Database performance Optimization II: Database table optimization

Source: Internet
Author: User
Tags repetition
The database optimization consists of the following three parts: optimization of the database itself, database table optimization, program operation optimization. This article is part two Database Performance Optimization II: Database table Optimization

  optimize ①: Design normalization tables to eliminate data redundancy

Database paradigm is a database design method that ensures reasonable database structure, satisfies all kinds of query needs and avoids abnormal database operation.
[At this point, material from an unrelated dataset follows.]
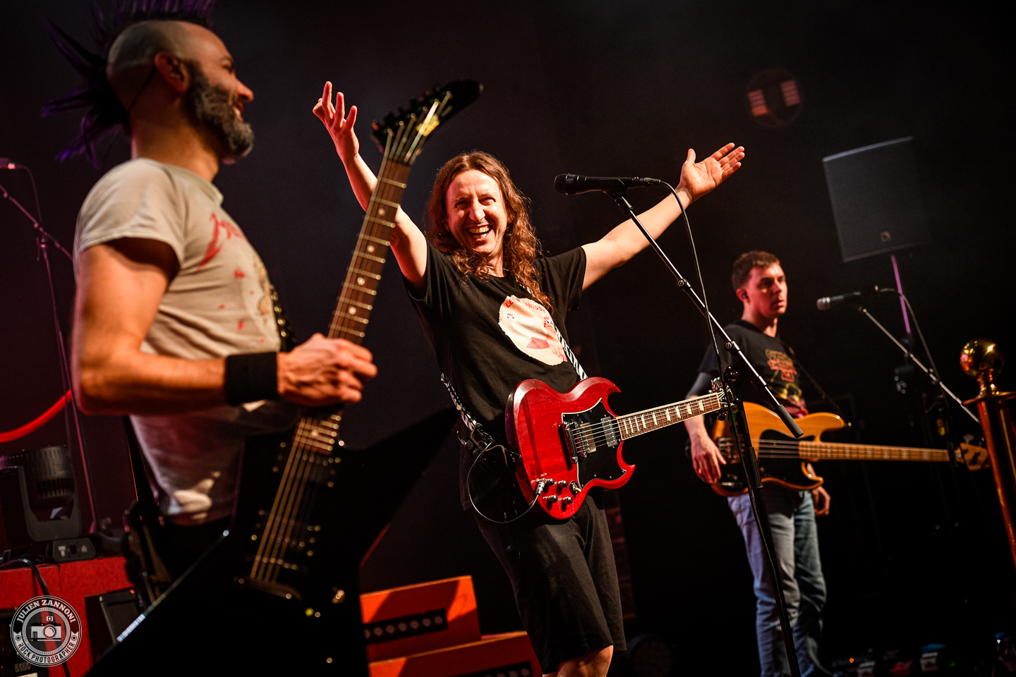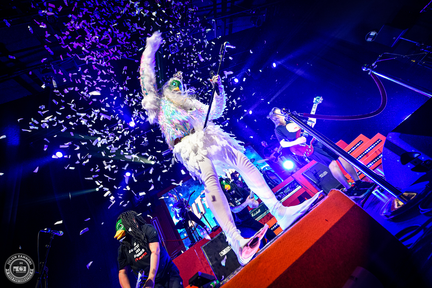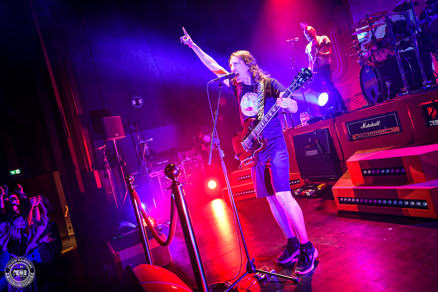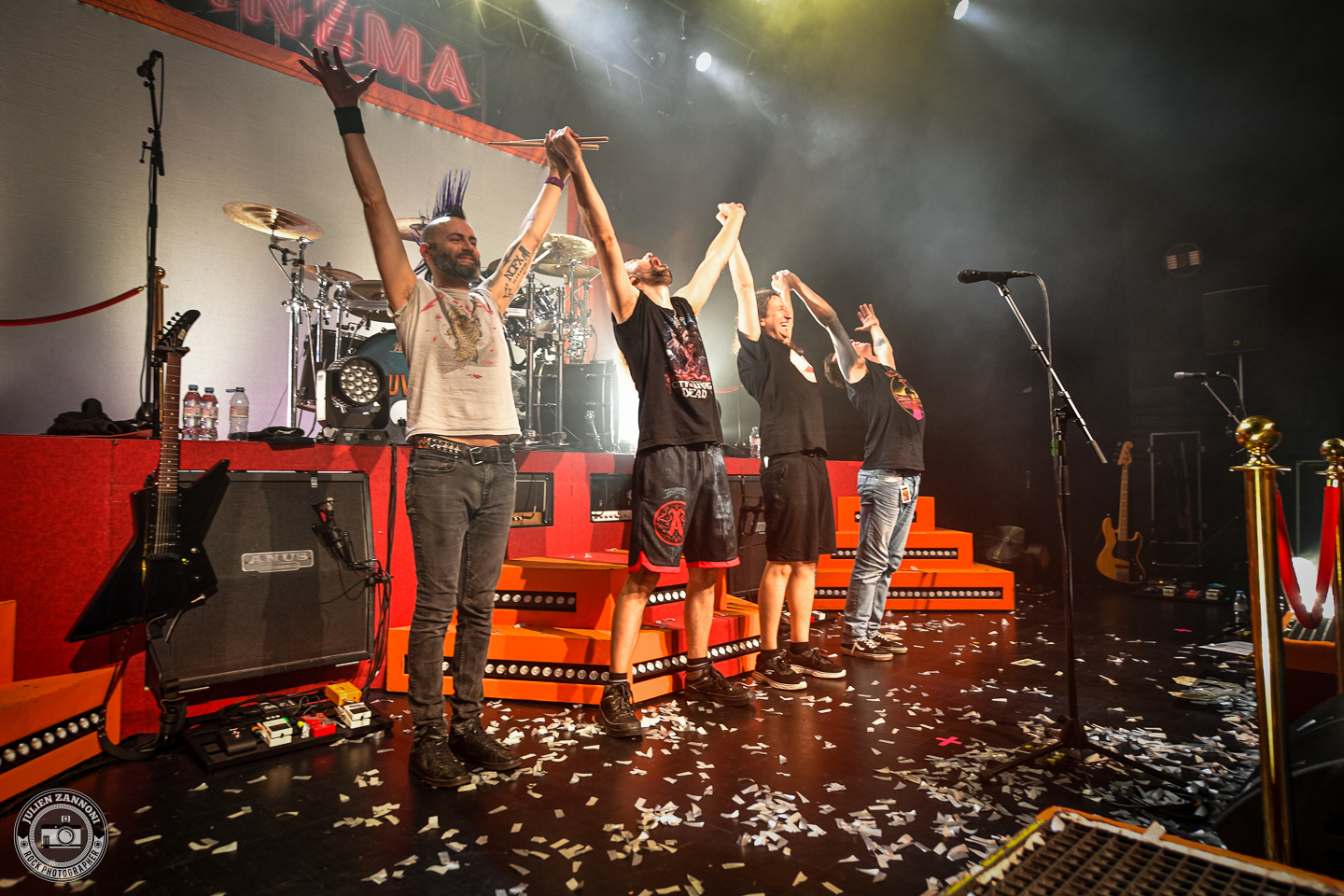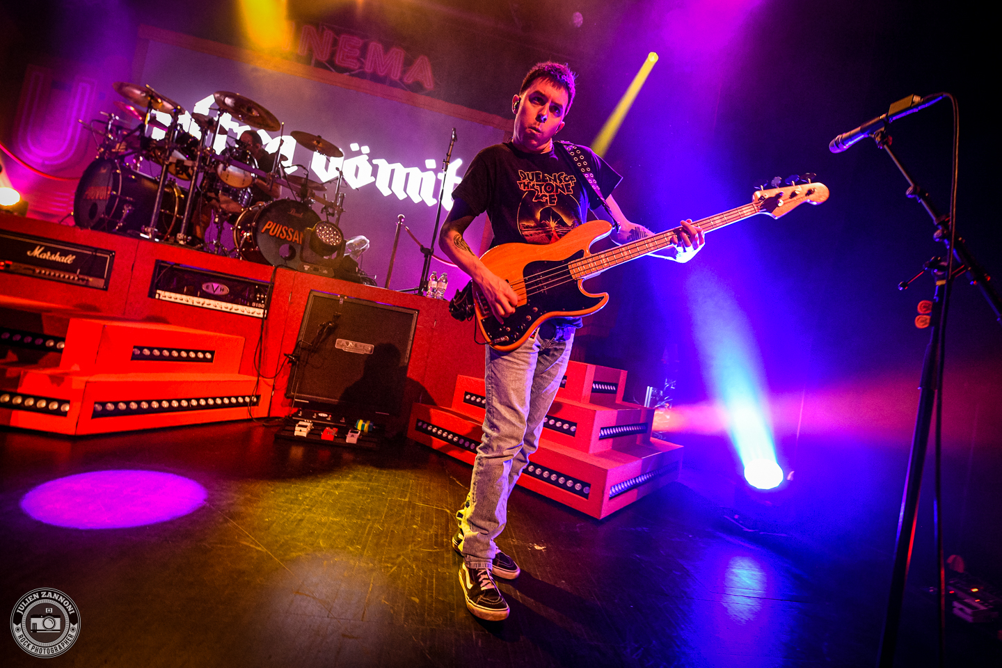 Ultra Vomit a ensuite pris le relais, fidèle à son mélange unique de metal et d’humour. Setlist rodée, interludes absurdes et énergie communicative : tout y était. Comme à leur habitude, les Nantais ont enchaîné les titres avec précision et décontraction, déclenchant autant de headbangs que de rires dans le public. L’ambiance était tellement survoltée que quelques crash barrières en plastique n’ont pas résisté à l’énergie de la foule !

To meet the formal requirements of the table, called the normalization table, the paradigm was generated in the early 1970s, the general table design to meet the first three normal forms can be, here briefly introduce the first three paradigms

First of all to see the Baidu Encyclopedia to give the definition:

First Normal (1NF) column with no duplicates

The so-called First paradigm (1NF) refers to a specification requirement for domain additions in a relational model, where all domains should be atomic, that is, each column of a database table is an indivisible atomic data item, not a collection, an array, a record, or a non-atomic data item.

Second Normal form (2NF) property

On the basis of 1NF, the non-code attribute must be completely dependent on the code [to eliminate the partial function dependency of the non-principal attribute on the main code on 1NF basis]

Third normal form (3NF) attribute

On a 1NF basis, any non-primary attribute is not dependent on other non-principal properties [Elimination of transitive dependencies on a 2NF basis]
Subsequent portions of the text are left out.